# Average # of grafts that get accepted



## Fenc'in Bee (Apr 17, 2008)

For those that graft to raise queens, what is the average acceptance rate that you get for your grafts? 
In two tries I have averaged just under 50% success for acceptance. Is that good, OK or needs lots of improvement?

Thanks,
Nevin


----------



## BigDaddyDS (Aug 28, 2007)

My understanding is that anything over 90% is excellent, which also takes into account the 1-3% probability of sex alleles. 90% capped queen cells are what I personally shoot for. Sometimes I get higher... sometimes I get (substantially) lower. (Usually because of a leaky queen excluder in my finisher colony, or a queenright swarm box. Whoops!)


----------



## bleta12 (Feb 28, 2007)

Fenc'in Bee said:


> For those that graft to raise queens, what is the average acceptance rate that you get for your grafts?
> In two tries I have averaged just under 50% success for acceptance. Is that good, OK or needs lots of improvement?
> 
> Thanks,
> Nevin


Queen rearing is attention to detail and practice is the difference maker.
If 50% is your first or second time to graft, that is very good.
With practice you should expect much higher % and with time you will know and set your own standards. 

Good luck Gilman


----------



## gmcharlie (May 9, 2009)

I find that nectar/pollen flows and weather play a big part.... My last graft of 26 gave me 12 queen cells and 2 actual good queens... (lousey weather here)


----------



## Fenc'in Bee (Apr 17, 2008)

Thanks for the replies. I am definitely on a learning curve. I just discovered the first grafts I did, most of the queens never developed after being capped. I am using a cloak board, and I left the cells in the starter/finisher until they were 12 days old. Then I moved them to queen castles. I have had success with the castles with swarm cells. Out of 7 capped cells, it looks like one hatched. I will try to candle the next batch of cells before I put them in castles.

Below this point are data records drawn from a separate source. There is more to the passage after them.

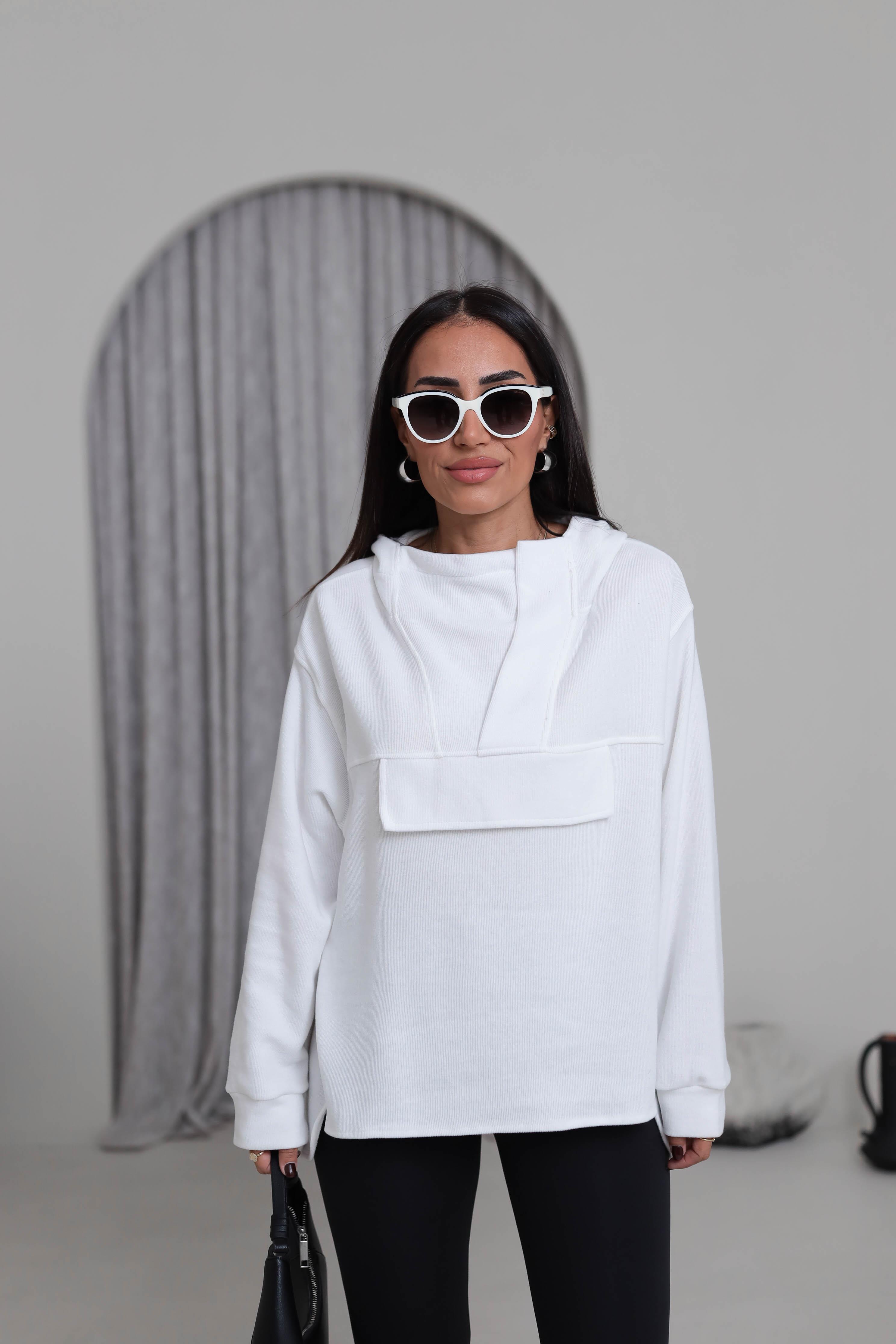1750 Yaka Detay Selanik Kapşonlu Sweatshirt BEYAZ (P-000007222)
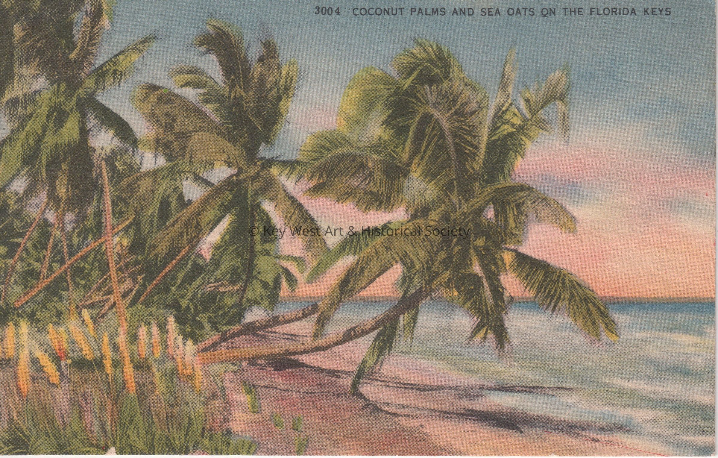 Postcard depicting palm trees on the beach. The caption reads, ‘Coconut Palms and Sea Oats on the Florida Keys’.Subject Place
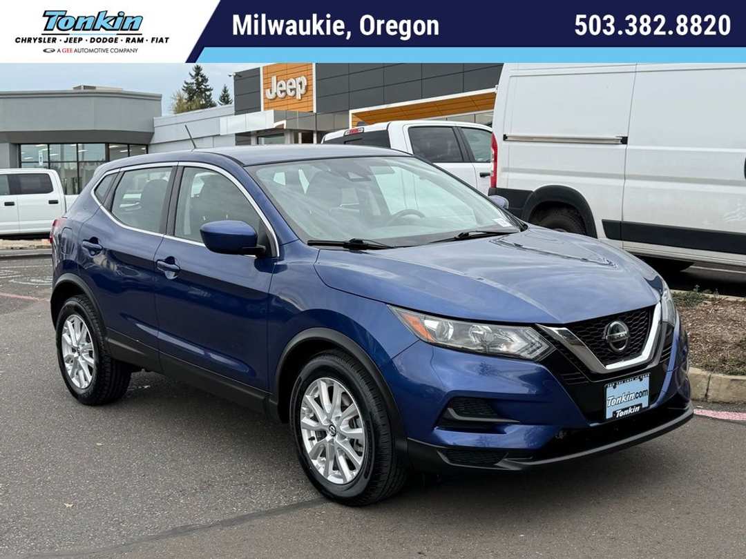 Recent Arrival! 2021 Nissan Rogue Sport S 2.0L DOHC CVT with Xtronic AWD 4D Sport Utility Caspian Blue Metallic AWD, 1-Piece Carpeted Cargo Area Protector & Floor Mats, 17" Aluminum Wheels, 4 Speakers, 4-Wheel Disc Brakes, 6.386 Axle Ratio, ABS brakes, Air Conditioning, AM/FM Radio, AM/FM radio: SiriusXM, Auto High-beam Headlights, Blind Spot Warning, Brake assist, Bumpers: body-color, CD player, Cloth Seat Trim, Custom Fuel Wheels and Off-Road Tires, Delay-off headlights, Driver door bin, Driver vanity mirror, Dual front impact airbags, Dual front side impact airbags, Electronic Stability Control, First Aid Kit, Four wheel independent suspension, Front anti-roll bar, Front Bucket Seats, Front Center Armrest, Front reading lights, Fully automatic headlights, Illuminated entry, Knee airbag, Low tire pressure warning, NissanConnect featuring Apple CarPlay and Android Auto, Occupant sensing airbag, Outside temperature display, Overhead airbag, Overhead console, Panic alarm, Passenger door bin, Passenger vanity mirror, Power door mirrors, Power steering, Power windows, Radio data system, Rear anti-roll bar, Rear Parking Sensors, Rear seat center armrest, Rear side impact airbag, Rear window defroster, Rear window wiper, Remote keyless entry, Security system, Speed control, Speed-sensing steering, Speed-Sensitive Wipers, Split folding rear seat, Spoiler, Steering wheel mounted audio controls, Tachometer, Telescoping steering wheel, Tilt steering wheel, Traction control, Trip computer, Variably intermittent wipers, AWD. ***Call (503) 258-5800 to speak to a Sales Professional*** Come in to Ron Tonkin Chrysler Jeep Dodge Ram Fiat in Milwaukie to test drive today! DL0087.

I am going to try a queenless nuc as a starter for the next batch of grafts.

A couple more questions: When you graft, do you prime your cells with royal jelly or distilled water? Or do you graft dry? What is the average # of grafts that are put into a starter hive? Into a Finisher hive?

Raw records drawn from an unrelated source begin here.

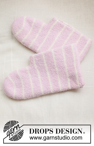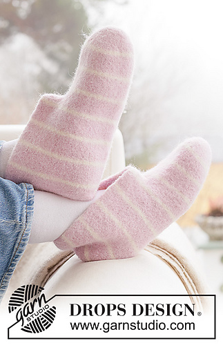 Knitted and felted slippers in DROPS Nepal. The piece is worked back and forth with stripes. Sizes 26-43. Theme: Easter.
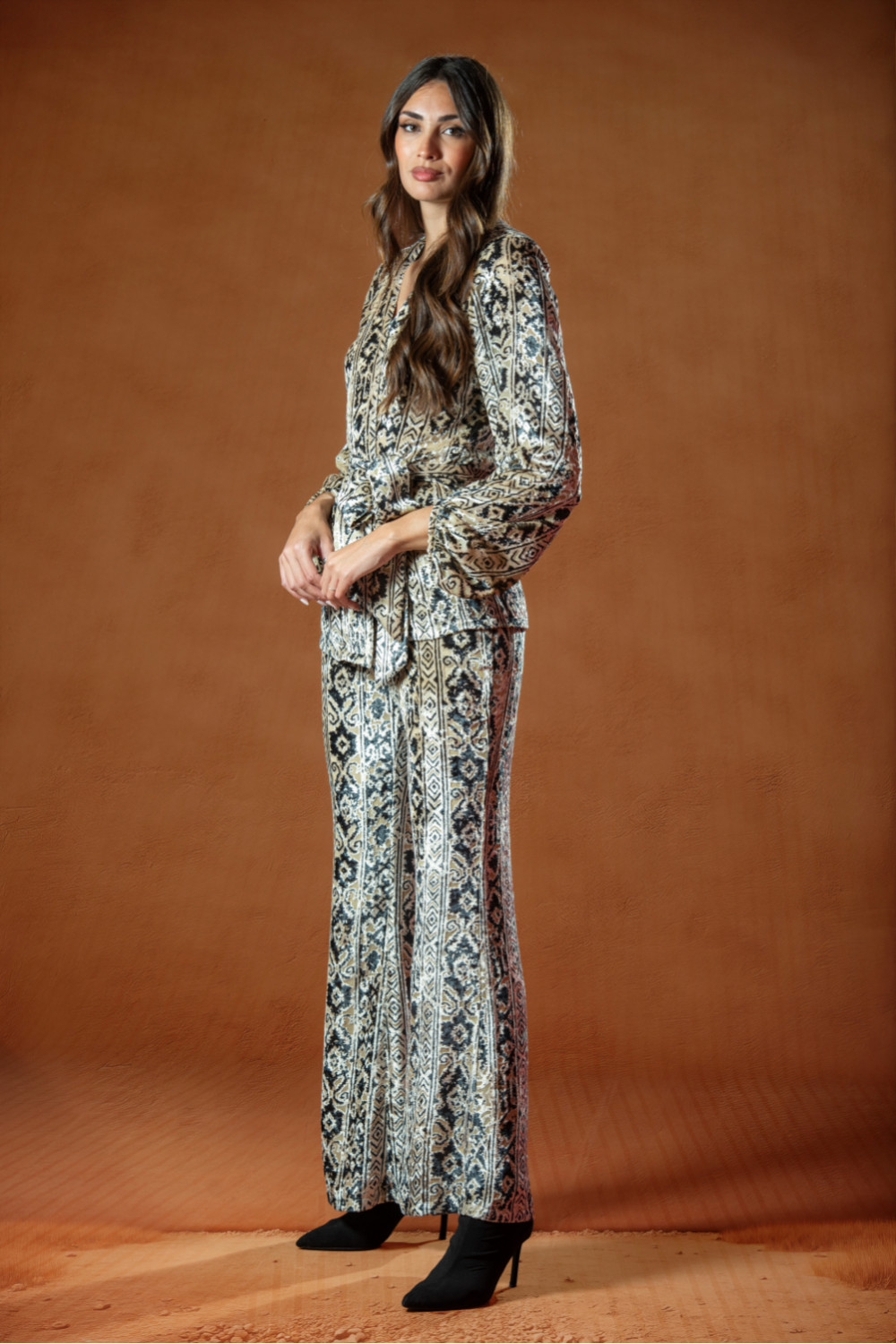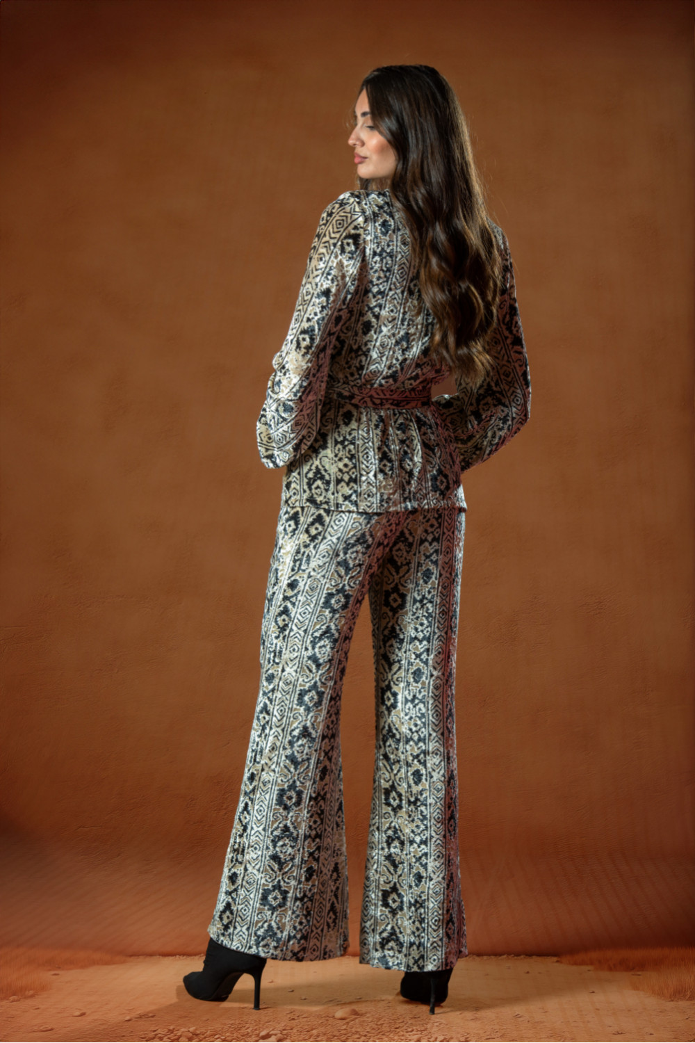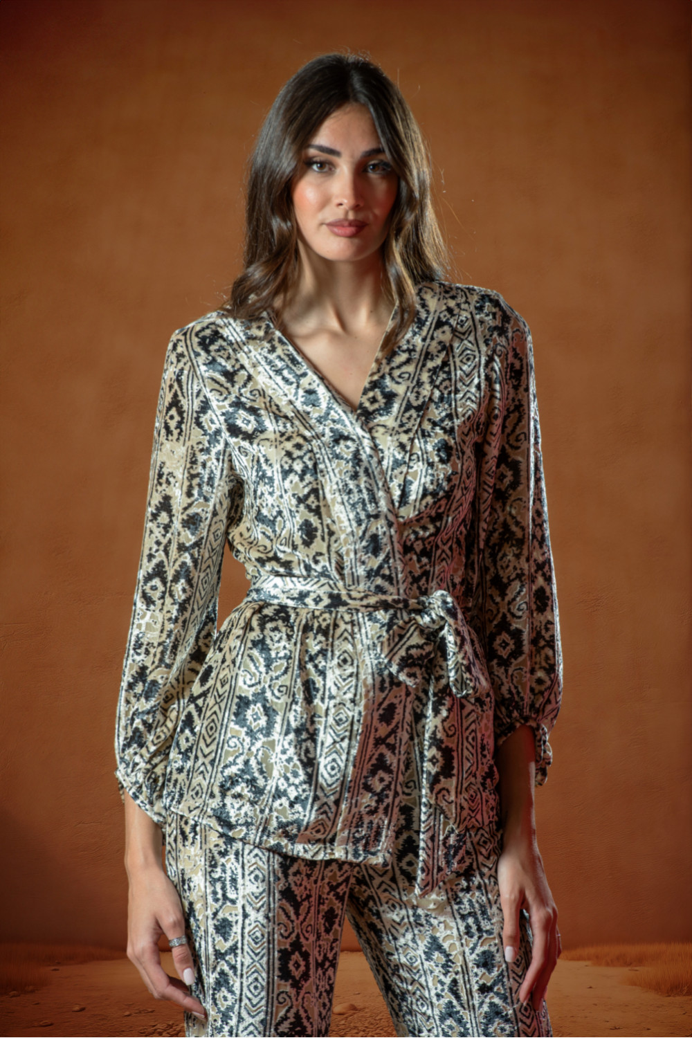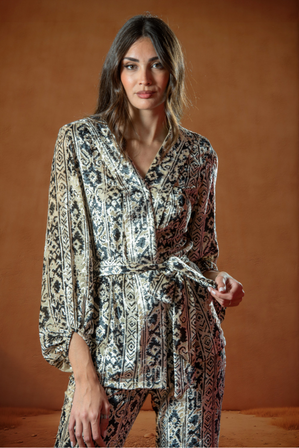 Chaqueta velvet de gasa con dibujos cenefas de terciopelo beige y negro, de manga larga globo abierta con solapa cruzada.
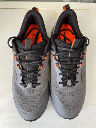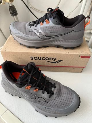 Zapatillas de Trail. Marca Saucony. Modelo Peregrine 13 GTX (Tecnología GORETEX repelente al agua). Color gris y tonos naranjas. Talla 44 EU. Se vende con caja original. Apenas puestas dos veces. Las cambio porque me han regalado otras que se adaptan más a mis necesidades, pero son un zapatillón.
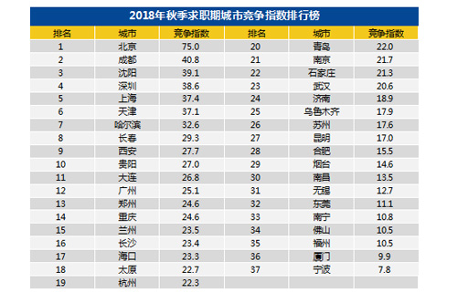 數據顯示,2018年秋季求職期北京的競爭指數依然高居第一位,為75.0,同比略有下降,競爭程度趨緩。值得注意的是,成都的競爭指數排名上升至第二位,報告分析稱,直接體現為成都的簡歷投遞量遠高于職位發布量。成都在人才吸引方面的政策發揮了作用,但同時地方產業和經濟發展對人才的需求未能同步跟上人才供應的速度,在人才消化方面還需更多努力。
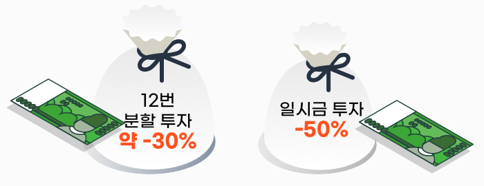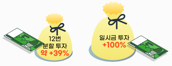 하지만, 한꺼번에 주식을 모두 매입했다면 +100%의 수익률을 가져갈 수 있었겠죠?

I am going to graft again this afternoon.

Thanks,
Nevin


----------



## BEES4U (Oct 10, 2007)

When you graft, do you prime your cells with royal jelly 

I use royal jelly to prime the cells.
I can get 29/30 which is 96.66% with ideal conditions!
Ernie


----------



## gmcharlie (May 9, 2009)

I haven't been priming, but sometimes do if I miss the first larva...

My hatch rate this spring has been simalar, 13-15 capped, only a cpl hatching.... seems they are abondoining them , but its just a hunch... weather issues I think, but hey it may be me..

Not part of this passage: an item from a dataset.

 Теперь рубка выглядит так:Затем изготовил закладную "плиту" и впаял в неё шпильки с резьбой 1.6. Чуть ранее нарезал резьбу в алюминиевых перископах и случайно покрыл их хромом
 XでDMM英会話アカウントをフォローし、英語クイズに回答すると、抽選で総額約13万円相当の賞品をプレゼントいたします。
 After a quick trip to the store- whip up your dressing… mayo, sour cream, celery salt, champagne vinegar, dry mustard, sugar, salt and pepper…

I normaly put 30 grafts in at a time... 2 rows of 15.


----------



## BerkeyDavid (Jan 29, 2004)

One of the things I noticed this year is that if you didn't put the queen cell right in the middle of a brood frame in the mating nuc they would not hatch. I believe it was because the nights were so cold. If you just hung the queen cell from the top of the middle frames the cells wouldn't hatch, even though, on inspection of the cell, the queen was fully developed.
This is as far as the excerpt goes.